Battle brewing over beach water testing in Kelowna

By Alistair Waters – Kelowna Capital News

Kelowna wants the health authority to collect its own beach water samples.

A proposal to change the way water testing is done at public beaches in the Central and South Okanagan has at least one Kelowna city councillor concerned about the prospect of downloading.

Robert Hobson, who is also chairman of the Central Okanagan Regional District, told council Monday he wants to see Interior Health continue to collect and test water samples taken from local beaches.

“I think it’s important that (testing) be done,” said Hobson, adding it is a job that is clearly the responsibility of the health authority.

“I don’t feel that the IHA should be downloading something they have made clear in the past is provincial jurisdiction, onto local government.”

But Dan Ferguson, IHA’s assistant director of health protection, said the only change being asked for is that the municipality collect the water samples. The Interior Health Authority would continue to pay for the testing and will post the results on its website.

Ferguson Kelowna, as well Peachland, Summerland, Penticton, West Kelowna and Lake Country are being asked to collect the samples is that IHA does not have to money to pay for collection. He said the main reason for the change is to bring what happens herein line with the rest of the health authority area.

Everywhere other than the South and Central Okanagan, municipalities collect the water samples to be tested.

Hobson raised the issue at Monday’s council meeting, saying he hoped his fellow municipal colleagues would “pile on” and oppose the sample collection requirement.

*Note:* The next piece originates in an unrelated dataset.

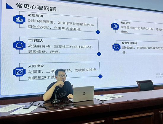 隨后,學(xué)校保障處副處長(zhǎng)倪豐從嚴(yán)守紀(jì)律紅線、筑牢安全防線及關(guān)注心理健康三大方面對(duì)學(xué)生進(jìn)行教育,并提出相關(guān)要求。倪豐重點(diǎn)解讀了《實(shí)習(xí)生頂崗實(shí)習(xí)期間違紀(jì)處理意見》,明確紀(jì)律底線;他強(qiáng)調(diào)安全是重中之重,以真實(shí)的案例來警示學(xué)生在實(shí)習(xí)期間注意生產(chǎn)安全、交通安全的重要性,警惕詐騙。他表示,如學(xué)生在實(shí)習(xí)期出現(xiàn)心理困擾,可及時(shí)聯(lián)系班主任,積極尋求幫助。
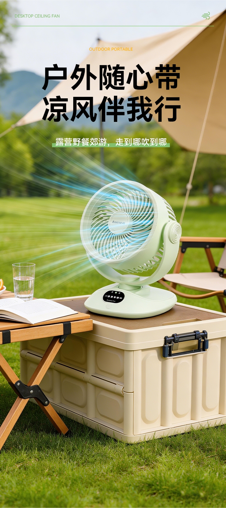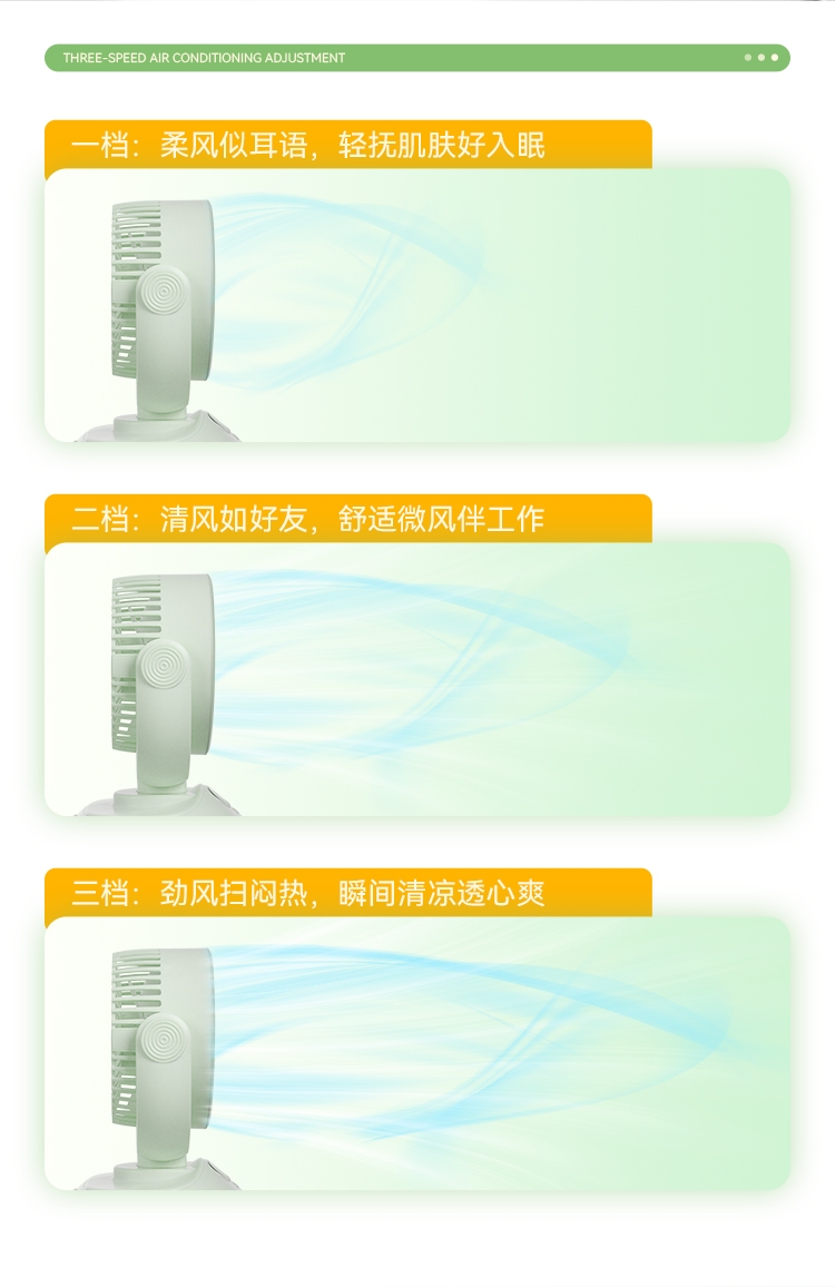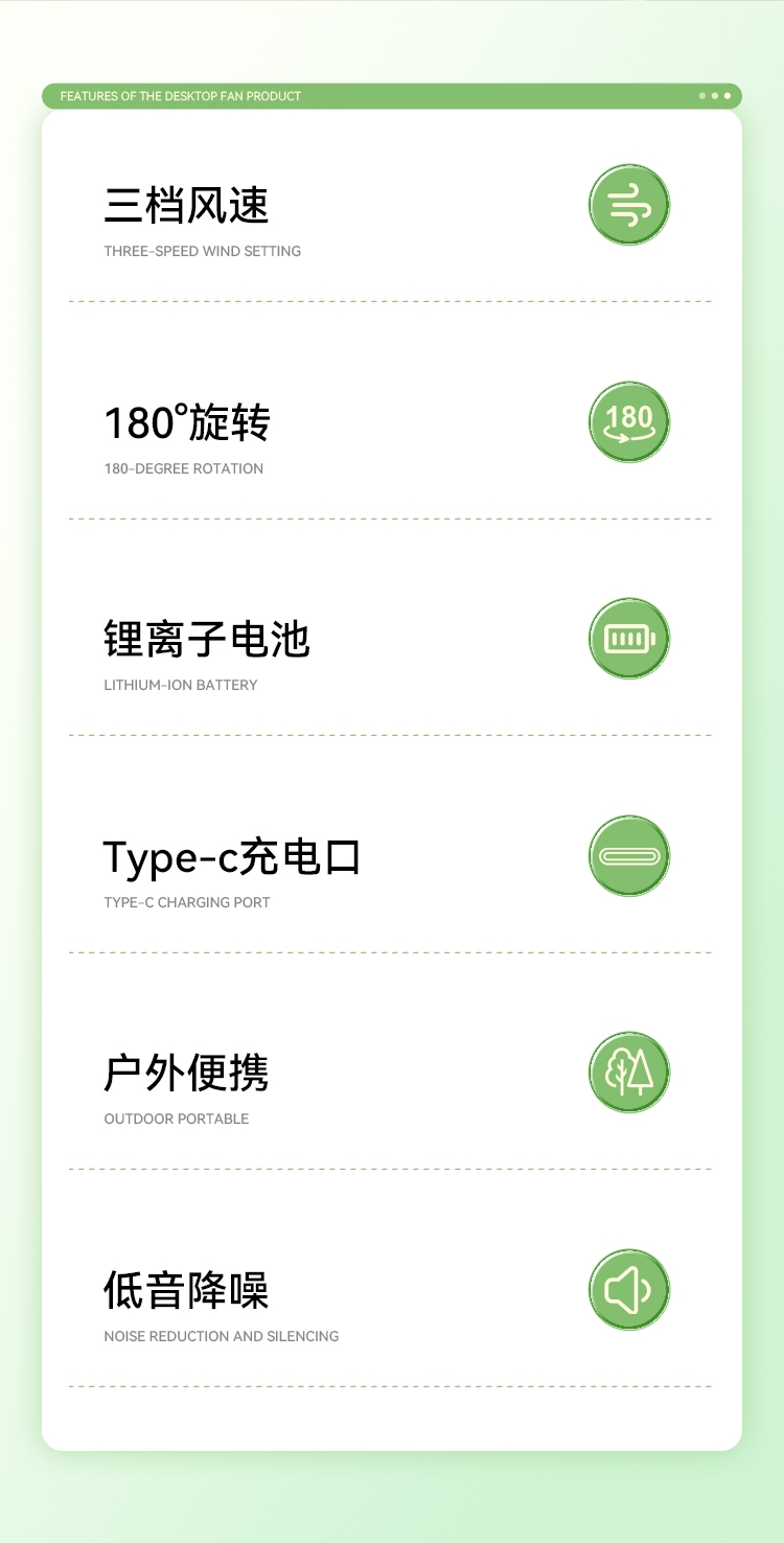 3档风力自由调节;2400mAh大容量电池 户外风扇;无线自由 告别线缆束缚

Kelowna city manager Ron Mattiussi said discussions about the change have been ongoing since last summer and he felt that part of the concern stemmed from the what he called the “echo” of the way if the change was requested.

He said when the subject was raised in June 2011, Kelowna had already finalized its  budget and had not set any money aside for water sample collecting. He noted this year, the city has had to cut back on spending to come in with a budget that raises taxes just one-tenth of one per cent.

“It’s something they were doing and now don’t do,” said Mattiussi about the IHA’s change in position.

Ferguson said  of the six Okanagan communities that do not currently collect water samples for testing, four have agreed to start doing so—West Kelowna, Lake Country, Penticton and Summerland.

IH wants Kelowna to provide 130 water samples from 10 beaches between July 18 and Sept. 3 this year. It wants Peachland to collect 26 samples during the same period from two sites.

Neither Ferguson not Mattiussi could say how much the collection would cost.

If test results show such action is warranted, IH can ask municipalities to post signs on beaches advising the public of a health hazard because of water contamination, said Ferguson. It would them be up to users to decide if they wanted to go in the water. But he said that has only been done twice in the IH area in recent years.

“This is basically a public education program,” he said of the water testing.